BIE Yongpan, GUAN Qingfeng*(), YAO Yao   

  1. School of Geography and Information Engineering, China University of Geosciences (Wuhan), Wuhan 430078, China
  • Received:2019-08-27 Revised:2019-11-29 Online:2020-06-25 Published:2020-08-25
  • Contact: GUAN Qingfeng E-mail:guanqf@cug.edu.cn
  • Supported by:
    National Natural Science Foundation of China(41671408);Youth Fund Project of National Natural Science Foundation of China(41801306);Youth joint fund project of National Natural Science Foundation of China(U1711267);Natural Science Fund of Hubei Province(2017CFA041)

Abstract:

Augmented Reality (AR) for geographic data is an important development direction of geographic information visualization. In recent years, some geographic studies have begun to use head-wear AR devices to visualize geographic data, making geographic spatial information more fully expressed. However, due to the limited computing power of head-wear AR devices, most of existing geographic information AR studies focus on the visualization of geographic information, yet do not provide complex spatial analysis and computation functions. This paper presents a framework for spatial analysis on AR devices by edge-cloud integration. In order to achieve efficient and end-to-end collaborative computation, the AR device is responsible for spatial data visualization, human-computer interaction, and data preprocessing; while the cloud server is responsible for complex spatial analysis tasks and persistent storage of spatial data. The binary storage method of edge-cloud and the coordinate conversion module between the 3D visualization model and the 3D geographic model provide efficient links between AR end and cloud end. Specifically, the framework divides three-dimensional geospatial data into three-dimensional AR visualization model data and three-dimensional geographic model data with attribute information, which are stored in AR and the server, respectively.
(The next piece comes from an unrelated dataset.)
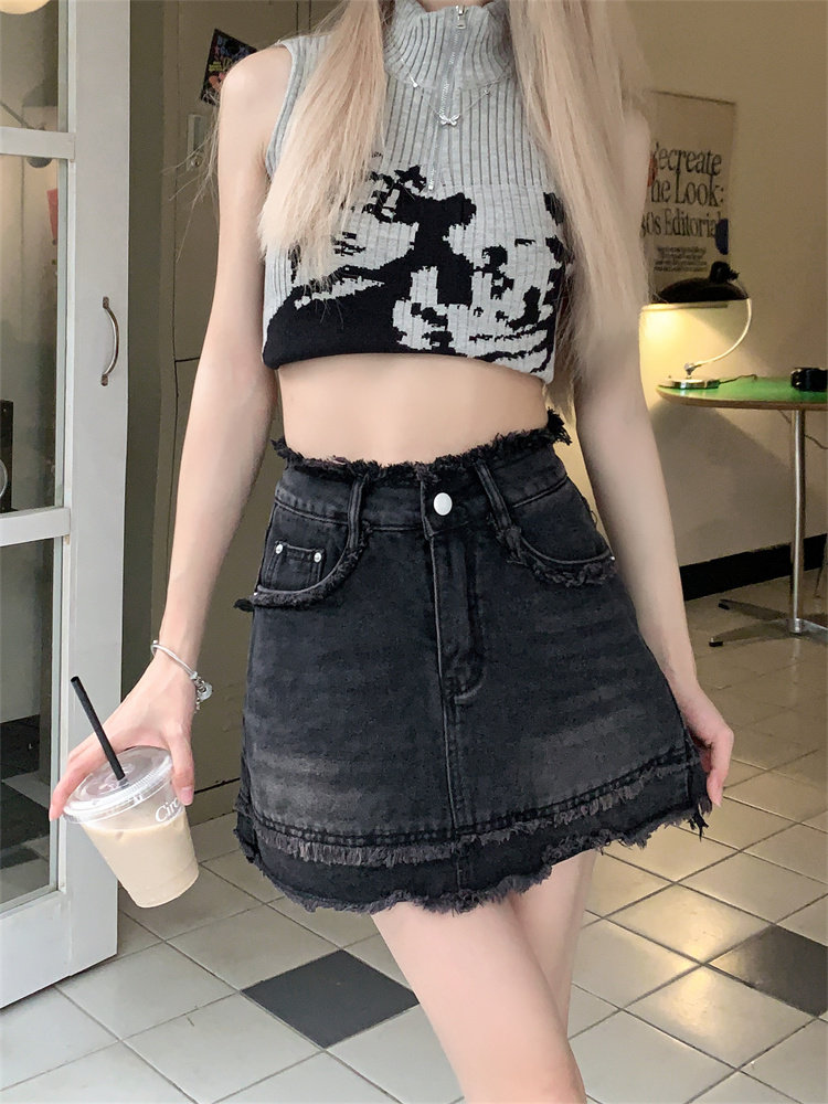 Tide, летняя приталенная небольшая дизайнерская джинсовая юбка, А-силуэт, большой размер, с акцентом на бедрах, тренд сезона

The coordinates of the three-dimensional AR visualization model and geospatial coordinates are mapped using Bursa-wolf seven-parameter coordinate transformation method. Finally, HTTP protocol is used to transmit data to achieve high efficiency and end-to-end collaborative computing. Based on this framework, this paper used Hololens, a head-mounted AR device, and based on three-dimensional building data in Wuhan and a sky visibility factor algorithm, to realize complex spatial computation in the meantime of AR visualization. The findings suggest that our framework can provide smooth and stable 3D visualization (FPS was about 35) while guaranteeing the efficiency and accuracy of the complex sky-view factor computation. In conclusion, the edge-cloud integration technology can enable AR devices to perform complex spatial analysis and computation.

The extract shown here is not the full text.